Chrysler posts $370 million net loss on costs tied to repaid loansTue, 26 Jul 2011 00:00:00 -0700
Chrysler Group LLC, after recording its first post-bankruptcy profit three months ago, posted a net loss of $370 million in the second quarter due to costs tied to the repayment of government bailout loans.
Chrysler incurred a charge of $551 million in paying back the U.S. Department of Treasury and the Canadian loans that kept the automaker afloat in 2009.
"Modified" operating profit nearly tripled from a year earlier to $507 million, while revenue climbed 30 percent to $13.7 billion, the company said Tuesday.
Helped by new models and a big advertising push, Chrysler's second-quarter worldwide sales increased 19 percent to 486,000 units.
Cash reserves rose $300 million during the past three months to $10.2 billion.
"There is no doubt that Chrysler Group has taken a huge step forward this quarter," CEO Sergio Marchionne said in a statement. "Refinancing our debt and repaying our government loans six years early reinforces our conviction that we are on the right path to rebuilding this company and restoring it to its rightful place on the global automotive landscape."
In the first quarter, Chrysler recorded a net profit of $116 million, its first since exiting a U.S.-steered bankruptcy under the control of Italy's Fiat S.p.A.
Milestones in the second quarter included:
-- The May 24 repayment of $5.9 billion to the U.S. government and $1.7 billion to Canada, six years ahead of the original schedule.
-- Refinancing its debt with a $3.0 billion senior secured loan, $3.2 billion in secured notes and a $1.3 billion revolving line of credit.
-- Worldwide shipments rose 19 percent to 514,000 units and marked this first time that figure had topped 500,000 units in a quarter since Chrysler exited bankruptcy in June 2009.
As part of the refinancing, Fiat exercised an option to lift its stake in Chrysler to 46 percent from 30 percent.
Last week, Fiat ended U.S. and Canadian taxpayer ownership by paying $625 million to acquire the U.S. Department of Treasury's remaining 6 percent holding as well as Canada's 1.5 percent stake.
Under terms of the bailout, Fiat will be allowed to boost its stake by another 5 percentage points, to 58.5 percent, by building a 40-mpg car in the United States.
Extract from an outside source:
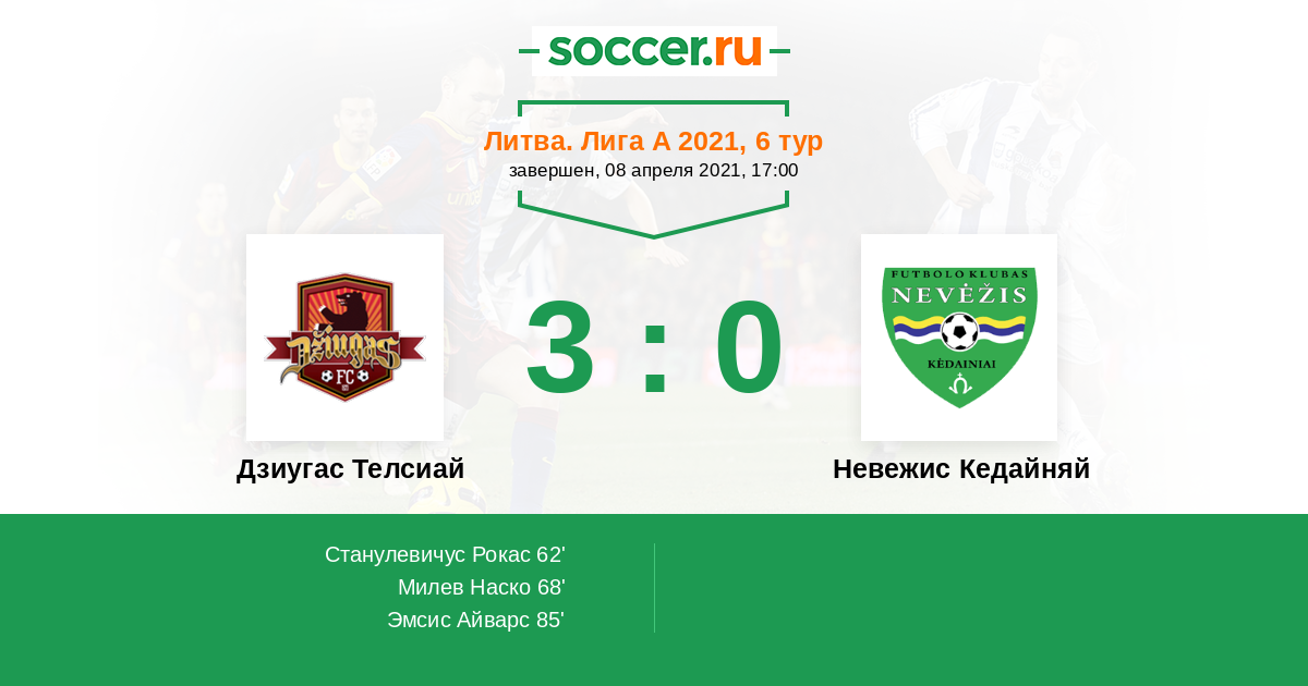 Протокол матча Дзиугас Телсиай против Невежис Кедайняй

That is expected to happen in the fourth quarter when Chrysler begins assembling a replacement for the Dodge Caliber in Belvidere, Ill.
A UAW health-care trust will own the remaining 41.5 percent of Chrysler.
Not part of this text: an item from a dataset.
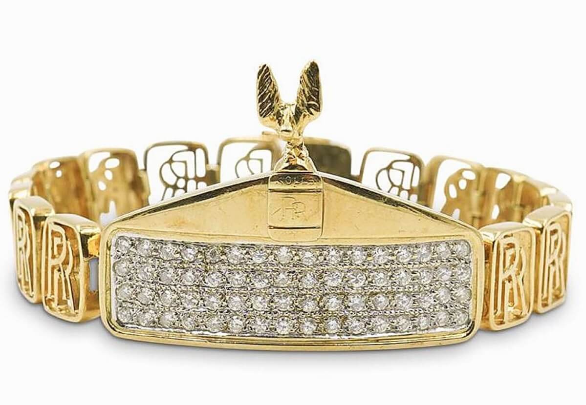 The distinctive front grille of a Rolls Royce was the inspiration for this 18K gold and diamond bracelet that sold for $3,125.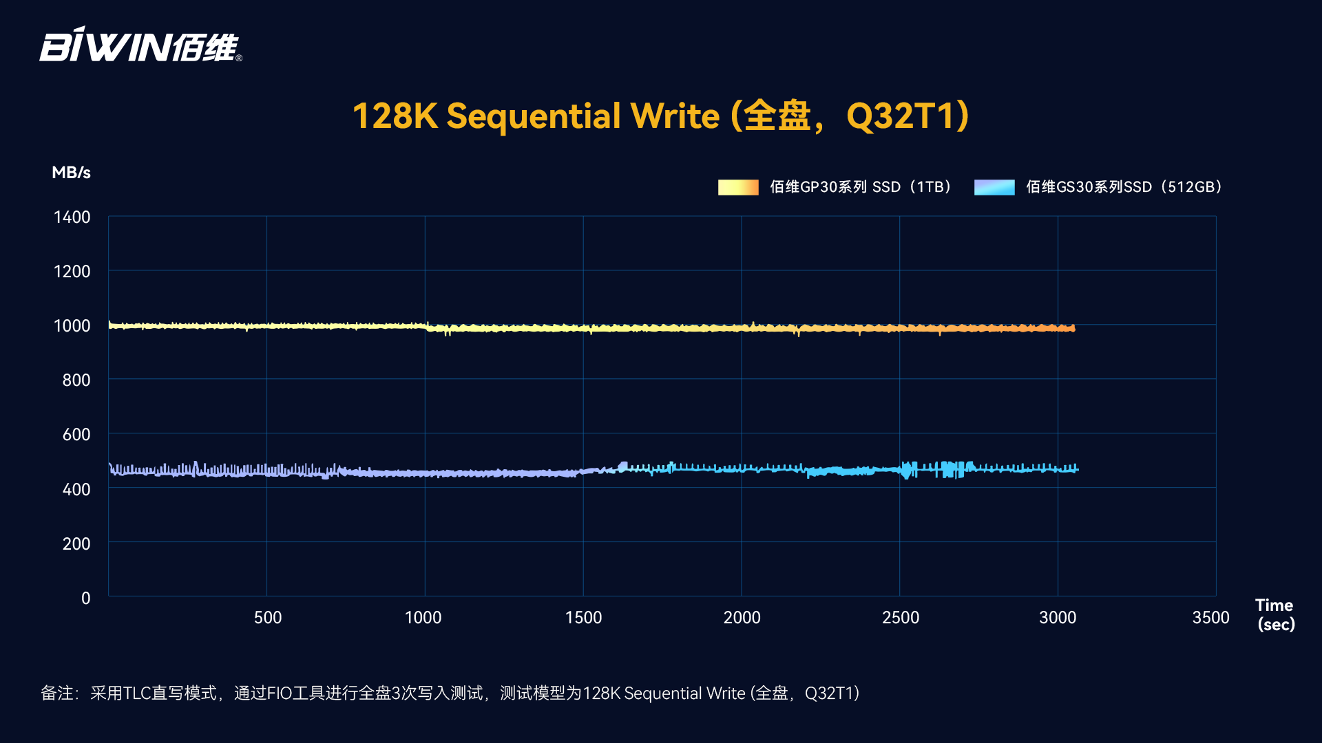 通過(guò)搭配全自研固件,系列產(chǎn)品具備優(yōu)異的性能,其中GP30系列SSD采用PCIe Gen3.0x4接口、NVMe1.4協(xié)議,最高順序讀寫(xiě)速度分別達(dá)到3400MB/s、2700MB/s,容量最高可達(dá)2TB。此外,基于固件的多重優(yōu)化,GP30/GS30系列SSD的數(shù)據(jù)持續(xù)讀取、寫(xiě)入性能穩(wěn)定,在FIO測(cè)試中,GP30系列SSD全盤(pán)寫(xiě)入速度約保持在1000MB/s,GS30系列SSD全盤(pán)寫(xiě)入速度約保持在450MB/s。

Chrysler said its adjusted net income for the second quarter was $181 million, compared with a loss of $172 million in 2010.
The company projected revenue for the full year at over $55 billion.
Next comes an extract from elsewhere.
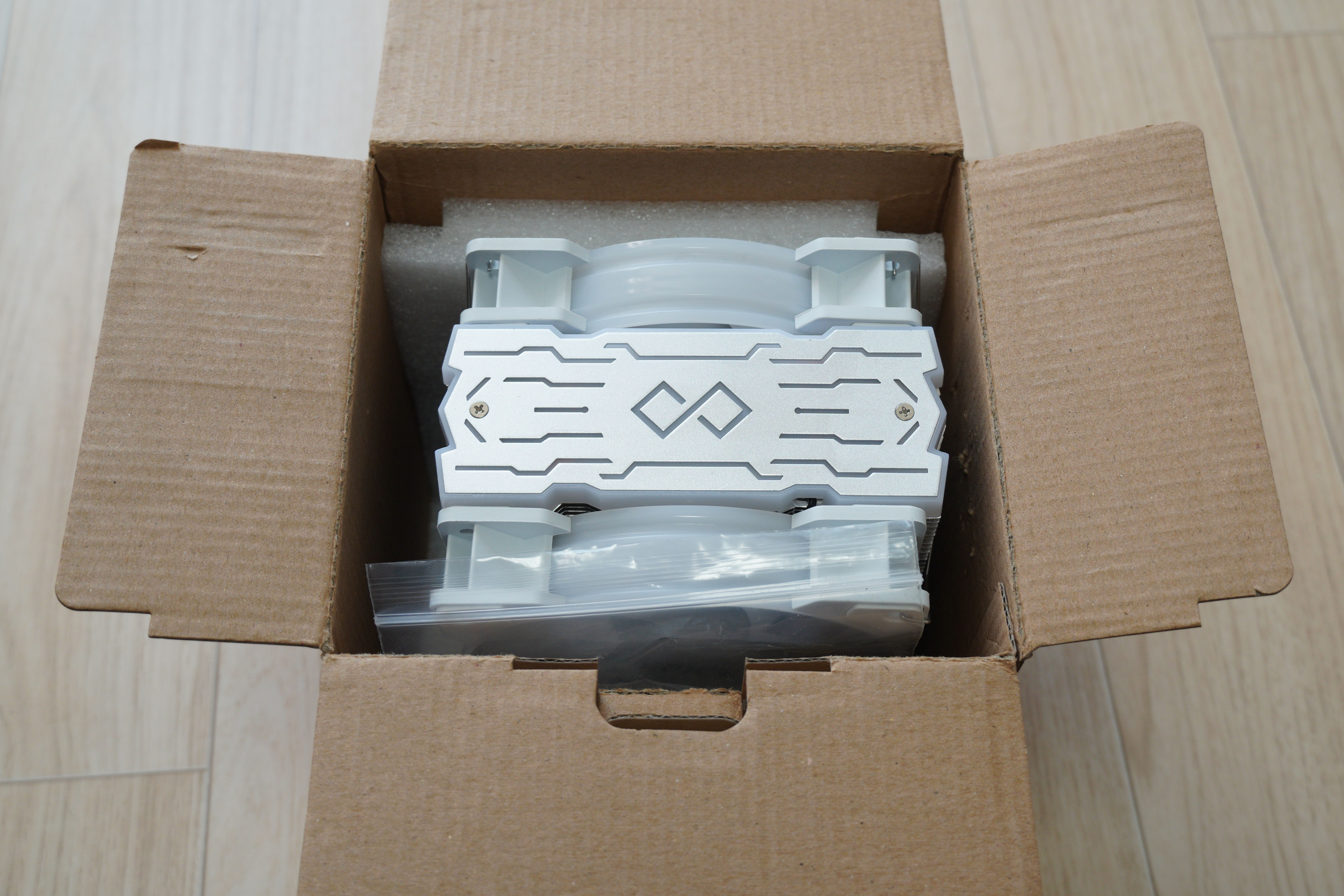 상자를 열어보면, 쿨러가 보입니다. 완충재가 잘 들어있어 안전하게 제품을 받을 수 있습니다.

Modified operating profit for 2011 will be $2 billion, Chrysler said.
Marchionne, who is working to unify the companies under a single management structure as soon as this week, is aiming for $140 billion in combined Fiat-Chrysler revenues by 2014.
The company is introducing 16 new- or revamped vehicles in the United States this year. The rejuvenated lineup has pumped some life into Chrysler sales, which rose 21 percent in the first six months over the same period in 2010.
That number is far below the 45 percent increase Chrysler sales executives set as a goal when they addressed dealers at the NADA convention in February.
According to data released by TrueCar.com, Chrysler has made some progress in some other key industry metrics.
The company's average transaction prices are up 11.4 percent during the first six months of the year; incentive spending per unit has dropped 19.3 percent and the percentage of units sold to fleets has dropped 8.9 percent -- from 40.5 percent for the first six months of 2010 to 31.6 percent a year later.